§ **Exercise aim**: Since the records include pictures, leave those out while you reproduce exactly and only the lines from the one containing "Right corner patio" through the one containing "Dress of printed", inclusive.

§ **Available data**:

______________________________

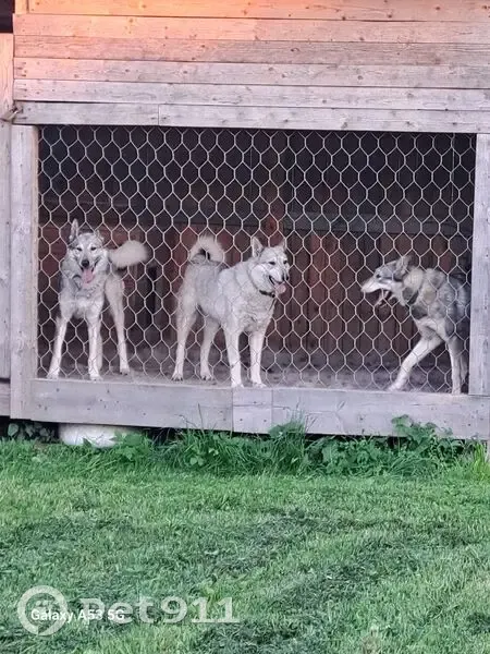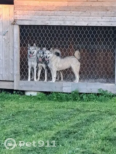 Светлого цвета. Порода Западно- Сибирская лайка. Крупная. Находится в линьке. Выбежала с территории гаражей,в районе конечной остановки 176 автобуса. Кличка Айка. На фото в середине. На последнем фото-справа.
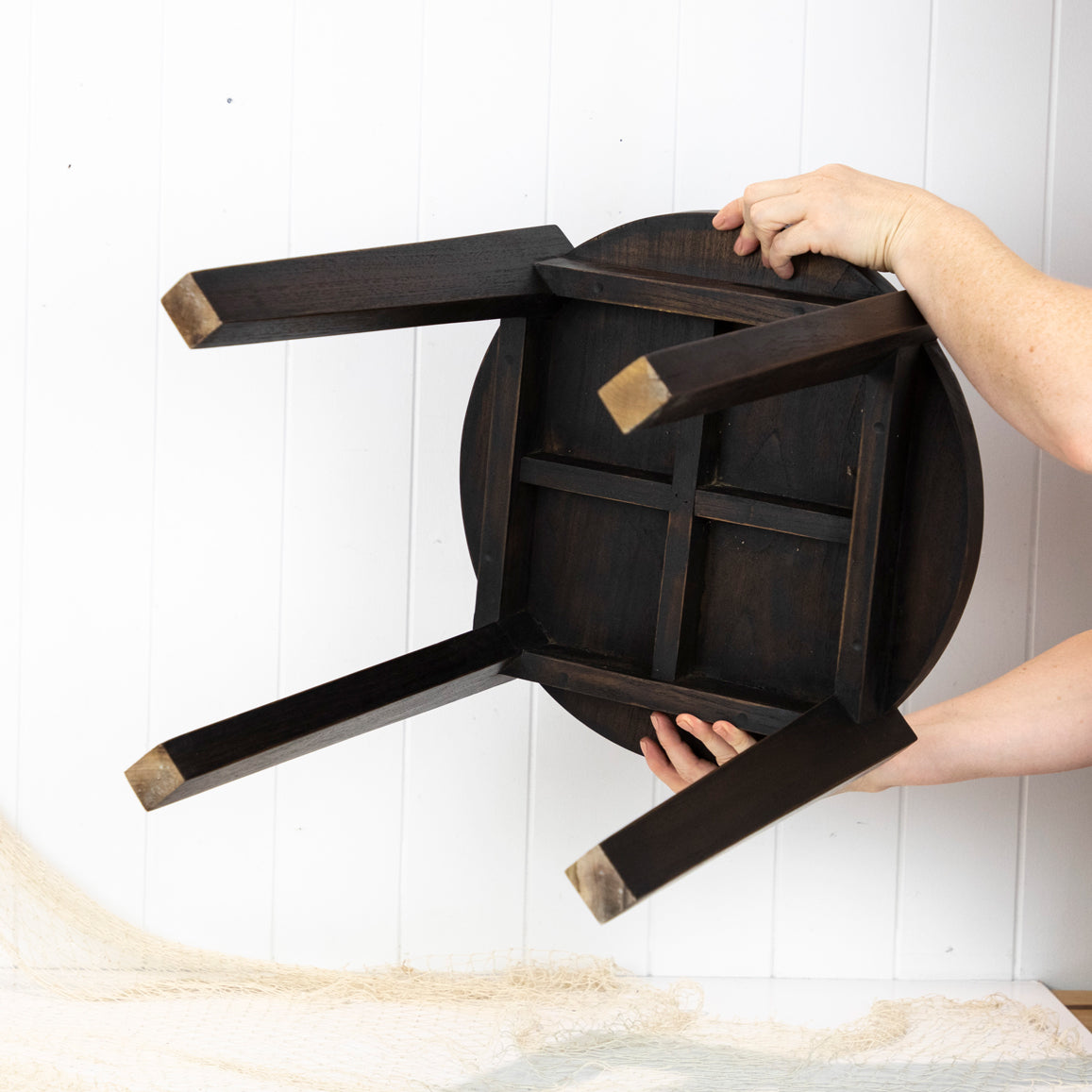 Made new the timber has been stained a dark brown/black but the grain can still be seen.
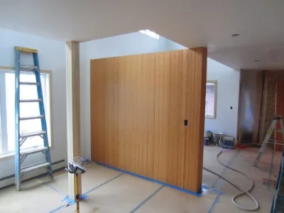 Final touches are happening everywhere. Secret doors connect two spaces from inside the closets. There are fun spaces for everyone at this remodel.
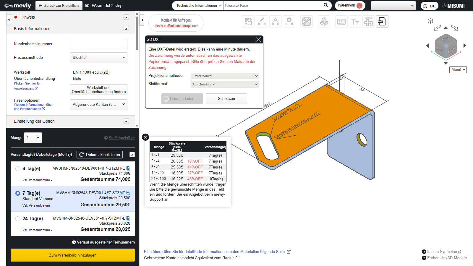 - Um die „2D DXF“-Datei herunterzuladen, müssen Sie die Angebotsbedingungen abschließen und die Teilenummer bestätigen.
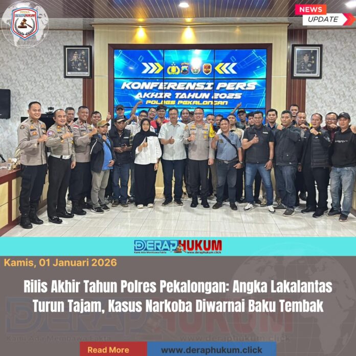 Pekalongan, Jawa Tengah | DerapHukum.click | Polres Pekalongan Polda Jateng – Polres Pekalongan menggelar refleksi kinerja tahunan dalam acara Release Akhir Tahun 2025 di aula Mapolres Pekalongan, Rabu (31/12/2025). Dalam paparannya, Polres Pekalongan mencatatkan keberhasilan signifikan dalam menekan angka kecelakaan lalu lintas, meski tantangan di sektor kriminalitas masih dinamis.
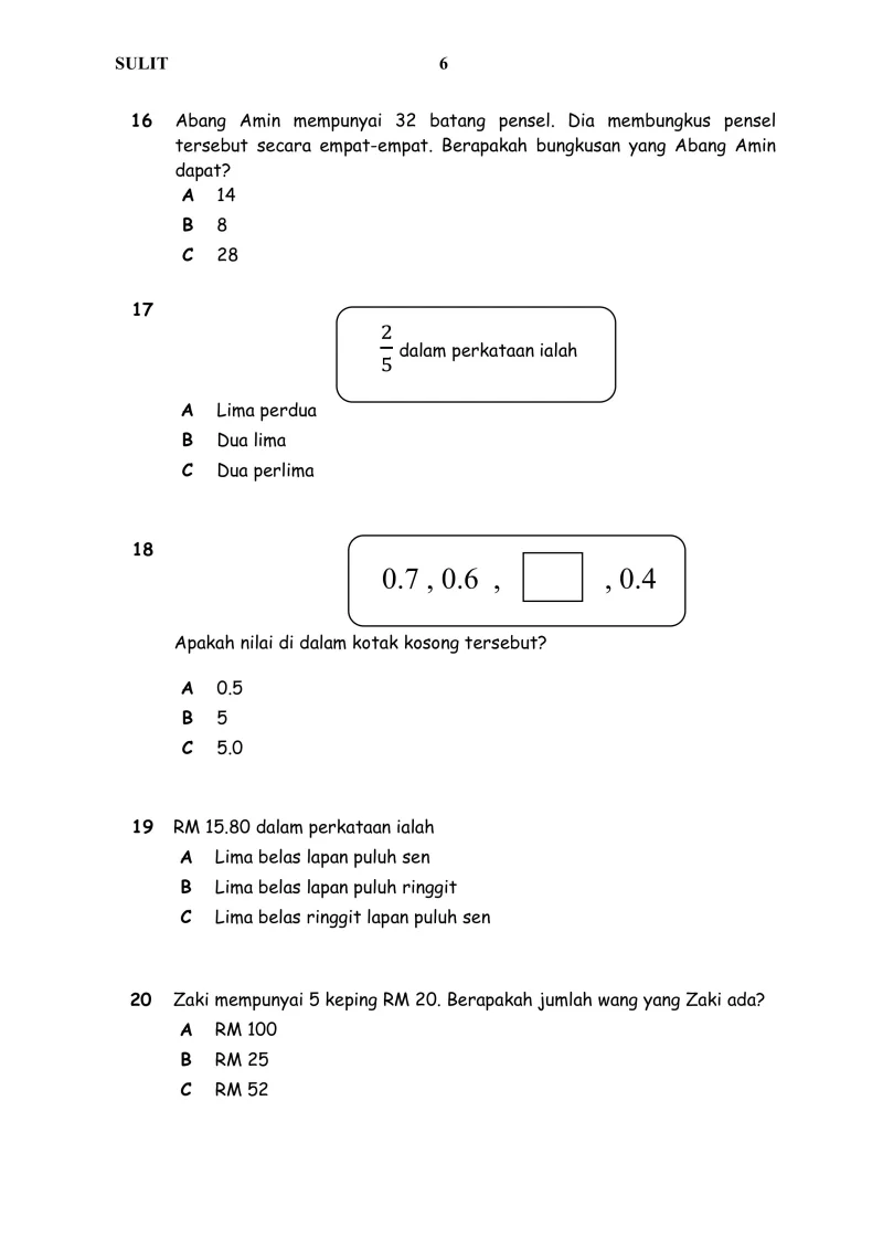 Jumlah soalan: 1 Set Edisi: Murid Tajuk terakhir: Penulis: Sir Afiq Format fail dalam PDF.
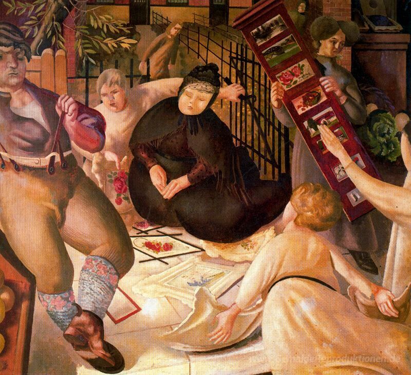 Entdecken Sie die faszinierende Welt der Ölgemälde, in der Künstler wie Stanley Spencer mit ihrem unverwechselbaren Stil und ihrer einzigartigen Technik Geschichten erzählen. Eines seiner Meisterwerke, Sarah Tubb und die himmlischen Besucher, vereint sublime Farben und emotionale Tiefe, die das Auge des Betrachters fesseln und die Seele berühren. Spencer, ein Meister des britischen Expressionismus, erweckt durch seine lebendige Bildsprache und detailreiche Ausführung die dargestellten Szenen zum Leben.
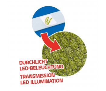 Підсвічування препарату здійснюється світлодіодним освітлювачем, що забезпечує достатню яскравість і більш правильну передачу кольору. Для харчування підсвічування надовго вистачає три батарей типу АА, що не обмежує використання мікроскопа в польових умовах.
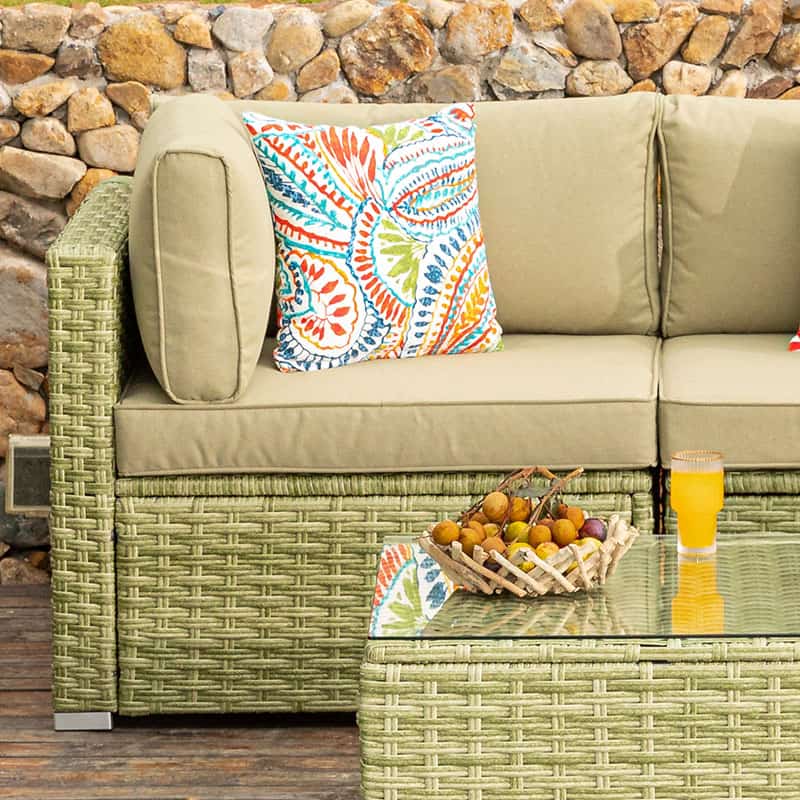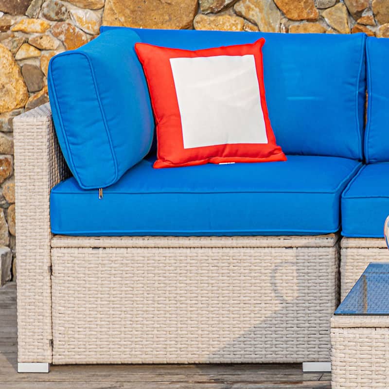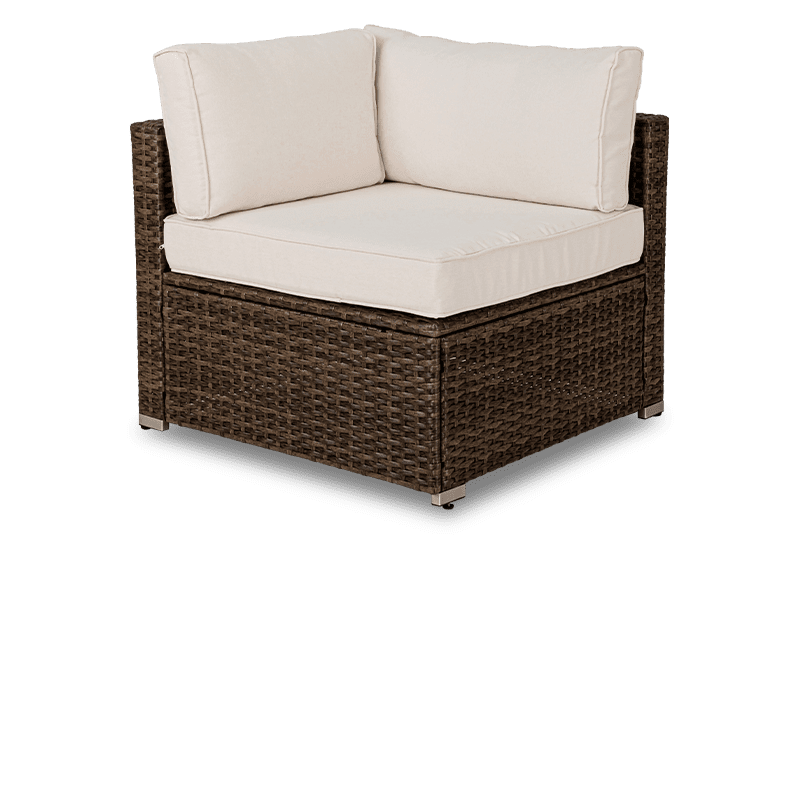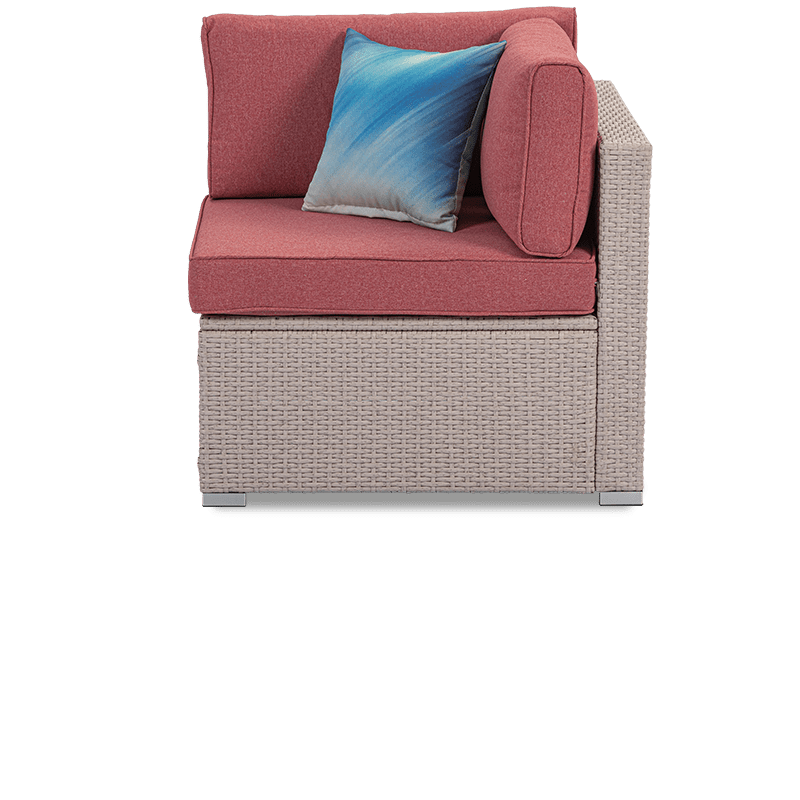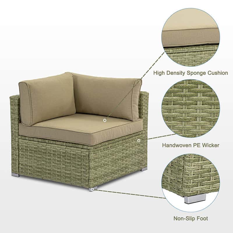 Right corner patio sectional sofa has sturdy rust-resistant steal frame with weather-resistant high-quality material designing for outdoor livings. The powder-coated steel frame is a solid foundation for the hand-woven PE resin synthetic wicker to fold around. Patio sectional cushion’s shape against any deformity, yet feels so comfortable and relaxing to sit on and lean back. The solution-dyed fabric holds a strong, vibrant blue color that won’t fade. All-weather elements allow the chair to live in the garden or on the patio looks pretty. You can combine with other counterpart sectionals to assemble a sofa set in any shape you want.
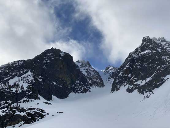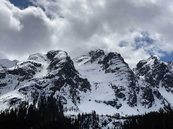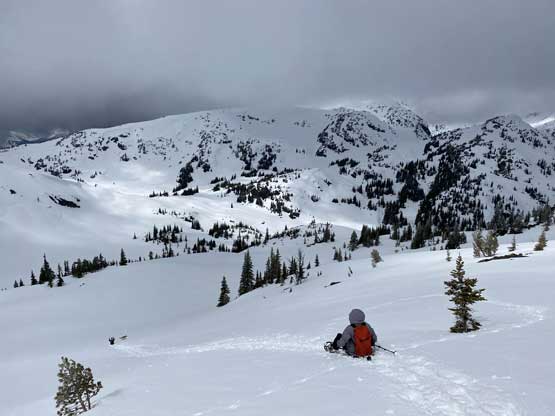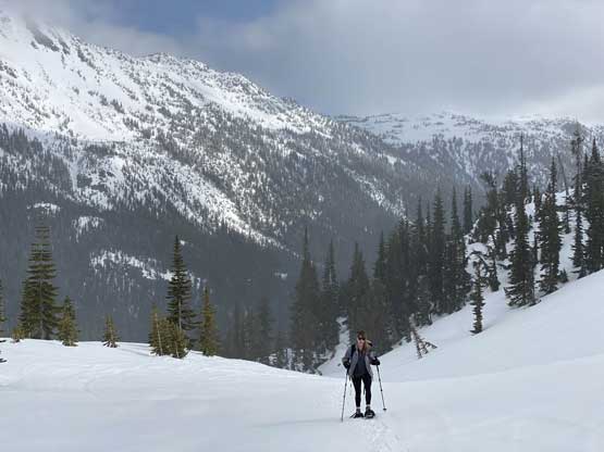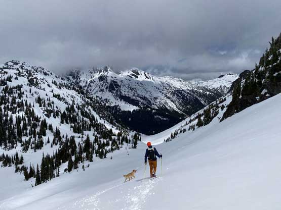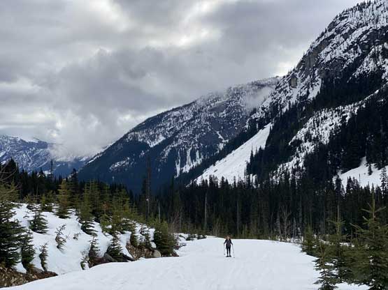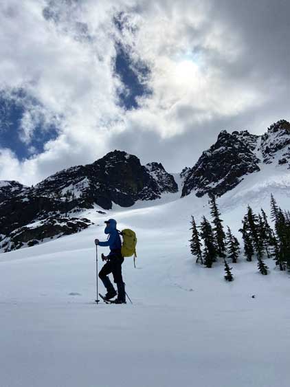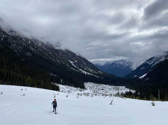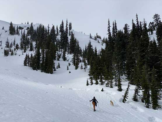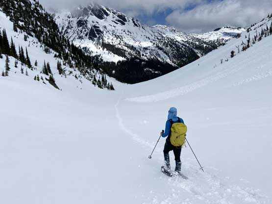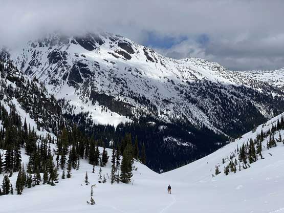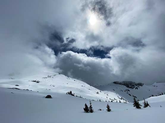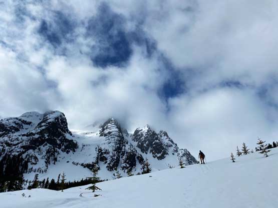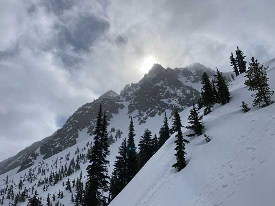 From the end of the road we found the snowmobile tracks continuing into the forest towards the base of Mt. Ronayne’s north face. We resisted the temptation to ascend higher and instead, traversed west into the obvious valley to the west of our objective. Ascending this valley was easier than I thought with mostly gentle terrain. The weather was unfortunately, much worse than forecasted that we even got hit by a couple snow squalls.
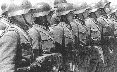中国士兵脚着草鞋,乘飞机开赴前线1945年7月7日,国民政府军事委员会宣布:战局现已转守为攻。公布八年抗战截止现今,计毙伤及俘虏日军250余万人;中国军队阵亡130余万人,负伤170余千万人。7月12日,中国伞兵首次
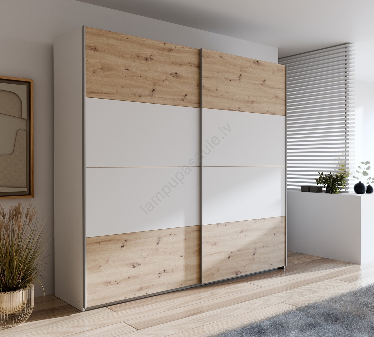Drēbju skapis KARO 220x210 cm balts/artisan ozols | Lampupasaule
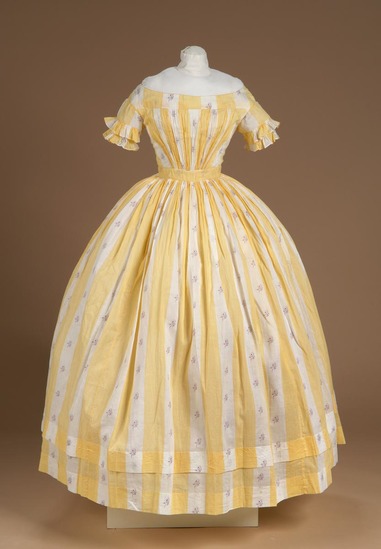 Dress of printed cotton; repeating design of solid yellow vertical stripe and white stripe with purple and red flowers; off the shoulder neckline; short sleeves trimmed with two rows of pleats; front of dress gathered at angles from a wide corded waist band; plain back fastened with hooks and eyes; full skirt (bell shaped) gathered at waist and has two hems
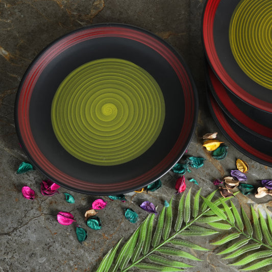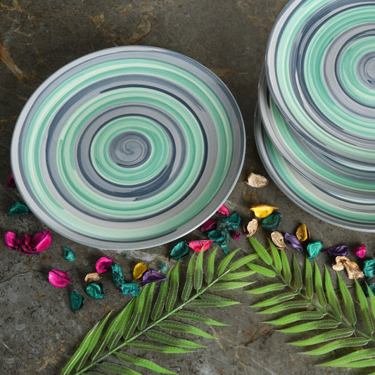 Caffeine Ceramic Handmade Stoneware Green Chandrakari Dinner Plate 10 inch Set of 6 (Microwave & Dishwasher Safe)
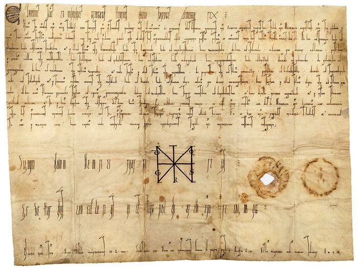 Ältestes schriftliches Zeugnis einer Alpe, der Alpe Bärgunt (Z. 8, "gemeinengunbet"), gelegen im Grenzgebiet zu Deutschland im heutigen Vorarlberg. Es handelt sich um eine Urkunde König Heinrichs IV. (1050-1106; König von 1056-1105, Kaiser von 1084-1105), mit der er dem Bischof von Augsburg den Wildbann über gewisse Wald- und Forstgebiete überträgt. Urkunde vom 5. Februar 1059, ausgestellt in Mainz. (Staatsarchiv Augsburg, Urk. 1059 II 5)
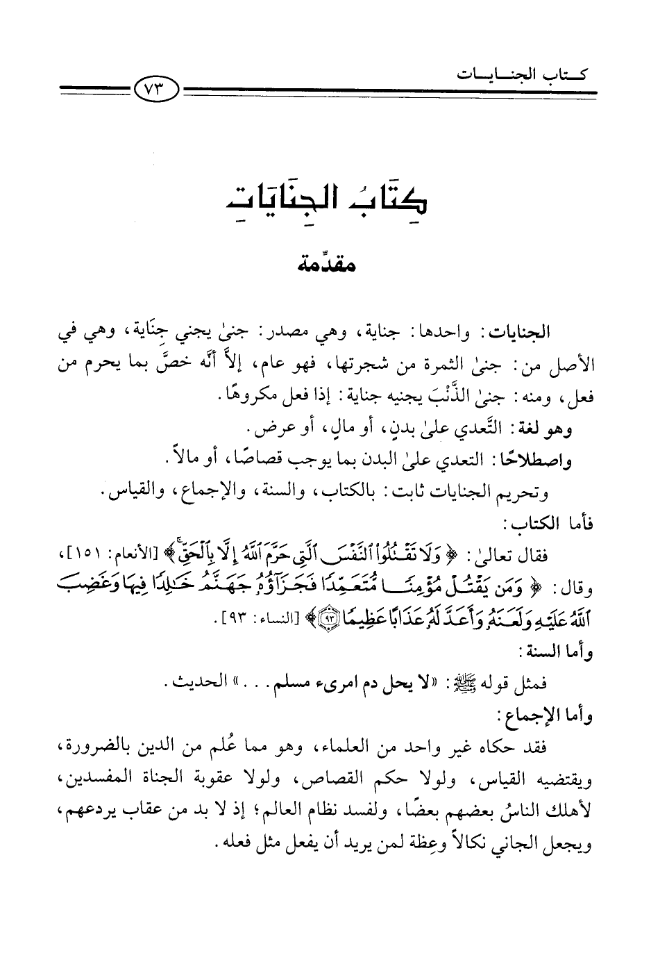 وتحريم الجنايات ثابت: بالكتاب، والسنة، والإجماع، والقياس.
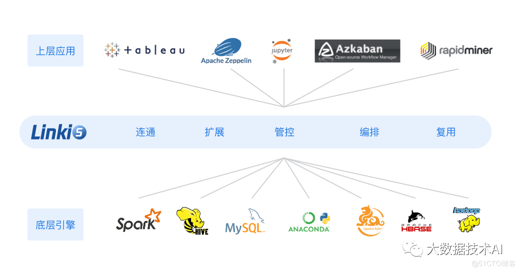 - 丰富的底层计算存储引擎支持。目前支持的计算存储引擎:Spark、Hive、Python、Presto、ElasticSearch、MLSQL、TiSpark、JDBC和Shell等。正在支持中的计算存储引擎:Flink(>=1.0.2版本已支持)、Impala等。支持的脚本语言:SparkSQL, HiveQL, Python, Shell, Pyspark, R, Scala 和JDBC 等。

______________________________

§ **Exercise response**:
 Right corner patio sectional sofa has sturdy rust-resistant steal frame with weather-resistant high-quality material designing for outdoor livings. The powder-coated steel frame is a solid foundation for the hand-woven PE resin synthetic wicker to fold around. Patio sectional cushion’s shape against any deformity, yet feels so comfortable and relaxing to sit on and lean back. The solution-dyed fabric holds a strong, vibrant blue color that won’t fade. All-weather elements allow the chair to live in the garden or on the patio looks pretty. You can combine with other counterpart sectionals to assemble a sofa set in any shape you want.
 From the end of the road we found the snowmobile tracks continuing into the forest towards the base of Mt. Ronayne’s north face. We resisted the temptation to ascend higher and instead, traversed west into the obvious valley to the west of our objective. Ascending this valley was easier than I thought with mostly gentle terrain. The weather was unfortunately, much worse than forecasted that we even got hit by a couple snow squalls.
中国士兵脚着草鞋,乘飞机开赴前线1945年7月7日,国民政府军事委员会宣布:战局现已转守为攻。公布八年抗战截止现今,计毙伤及俘虏日军250余万人;中国军队阵亡130余万人,负伤170余千万人。7月12日,中国伞兵首次
Drēbju skapis KARO 220x210 cm balts/artisan ozols | Lampupasaule
 Dress of printed cotton; repeating design of solid yellow vertical stripe and white stripe with purple and red flowers; off the shoulder neckline; short sleeves trimmed with two rows of pleats; front of dress gathered at angles from a wide corded waist band; plain back fastened with hooks and eyes; full skirt (bell shaped) gathered at waist and has two hems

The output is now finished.